Date: 2026-05-28 Researcher: Claude (Anthropic) / Lusoris Status: Complete Supersedes: This digest extends Research-0550 (parity matrix) and Research-0730 (Arc parity gate) with measured wall-time throughput numbers across CPU, CUDA, and SYCL backends and with the SYCL device-access fix documented.


1. Purpose

PR #75 skipped SYCL throughput numbers because the one-off container used at the time lacked /dev/dri passthrough. This digest adds SYCL (Intel Arc A380) to the baseline, delivers the 3-backend × 3-workload wall-time matrix, and documents the exact container invocation pattern required to make Intel Arc accessible inside a vmaf-dev-mcp:cuda13.3 one-off container.


2. SYCL Device Access Fix

2.1 Root cause

docker run --device /dev/dri passes the character device nodes (renderD128, renderD129, renderD130, card0card2) but does not bind-mount the udev-managed /dev/dri/by-path/pci-XXXX:YY:ZZ.W-render symlinks. Intel's Level Zero GPU ICD (libze_intel_gpu.so.1) enumerates devices by walking /dev/dri/by-path to find PCI-addressed render nodes and match them to the Intel compute-runtime's internal device table. Without the by-path symlinks, zeInit() succeeds at loader level but returns ZE_RESULT_ERROR_DEPENDENCY_UNAVAILABLE (0x78000001) because no Intel GPU is found.

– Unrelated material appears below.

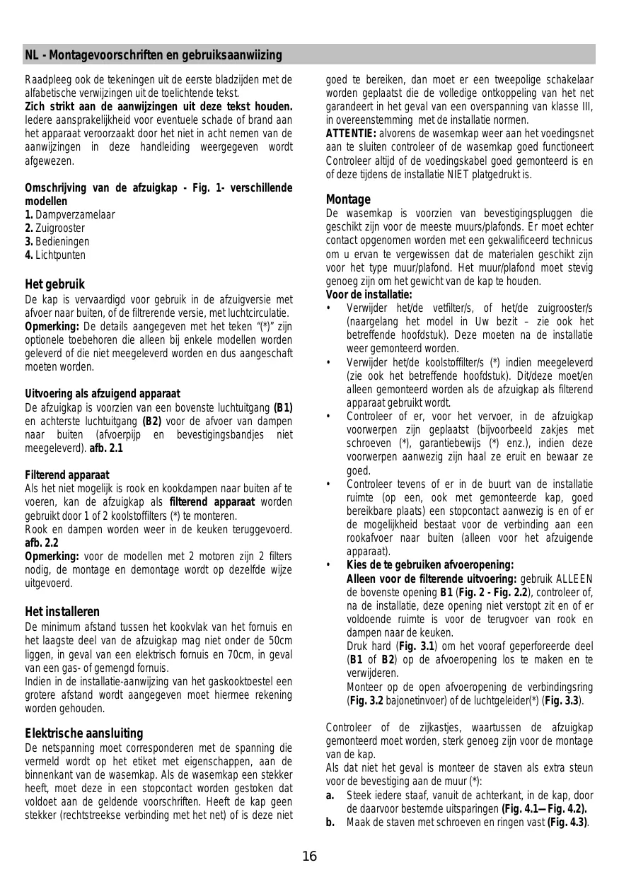 - Kies de te gebruiken afvoeropening: Alleen voor de filterende uitvoering: gebruik ALLEEN de bovenste opening B1 (Fig. 2 - Fig. 2.2), controleer of, na de installatie, deze opening niet verstopt zit en of er voldoende ruimte is voor de terugvoer van rook en dampen naar de keuken. Druk hard (Fig. 3.1) om het vooraf geperforeerde deel (B1 of B2) op de afvoeropening los te maken en te verwijderen. Monteer op de open afvoeropening de verbindingsring (Fig. 3.2 bajonetinvoer) of de luchtgeleider(*) (Fig. 3.3). Het gebruik De kap is vervaardigd voor gebruik in de afzuigversie met afvoer naar buiten, of de filtrerende versie, met luchtcirculatie. Opmerking: De details aangegeven met het teken “(*)” zijn optionele toebehoren die alleen bij enkele modellen worden geleverd of die niet meegeleverd worden en dus aangeschaft moeten worden. Uitvoering als afzuigend apparaat De afzuigkap is voorzien van een bovenste luchtuitgang (B1) en achterste luchtuitgang (B2) voor de afvoer van dampen naar buiten (afvoerpijp en bevestigingsbandjes niet meegeleverd). afb. 2.1 Filterend apparaat Als het niet mogelijk is rook en kookdampen naar buiten af te voeren, kan de afzuigkap als filterend apparaat worden gebruikt door 1 of 2 koolstoffilters (*) te monteren. Rook en dampen worden weer in de keuken teruggevoerd. afb. 2.2 Opmerking: voor de modellen met 2 motoren zijn 2 filters nodig, de montage en demontage wordt op dezelfde wijze uitgevoerd. Het installeren De minimum afstand tussen het kookvlak van het fornuis en het laagste deel van de afzuigkap mag niet onder de 50cm liggen, in geval van een elektrisch fornuis en 70cm, in geval van een gas- of gemengd fornuis. Indien in de installatie-aanwijzing van het gaskooktoestel een grotere afstand wordt aangegeven moet hiermee rekening worden gehouden. Controleer of de zijkastjes, waartussen de afzuigkap gemonteerd moet worden, sterk genoeg zijn voor de montage van de kap. Als dat niet het geval is monteer de staven als extra steun voor de bevestiging aan de muur (*): a. Steek iedere staaf, vanuit de achterkant, in de kap, door de daarvoor bestemde uitsparingen (Fig. 4.1—Fig. 4.2). b. Maak de staven met schroeven en ringen vast (Fig. 4.3). Elektrische aansluiting De netspanning moet corresponderen met de spanning die vermeld wordt op het etiket met eigenschappen, aan de binnenkant van de wasemkap. Als de wasemkap een stekker heeft, moet deze in een stopcontact worden gestoken dat voldoet aan de geldende voorschriften. Heeft de kap geen stekker (rechtstreekse verbinding met het net) of is deze niet

This is the same class of failure documented in ADR-0514 / T-DEV-MCP-BACKEND-EXPOSURE-2026-05-18 (where the fix was to add a by-path bind-mount to docker-compose.yml). The docker compose deployment already has this; one-off docker run invocations need it manually.

2.2 Hardware map

PCI address Device renderD node
03:00.0 Intel Arc A380 (DG2-G10) renderD129
01:00.0 NVIDIA RTX 4090 (AD102) renderD128
7d:00.0 AMD Radeon (Granite Ridge iGPU) renderD130

The --group-add render flag fails because render is not a group name inside the container. Use --group-add 988 (the host render GID) instead.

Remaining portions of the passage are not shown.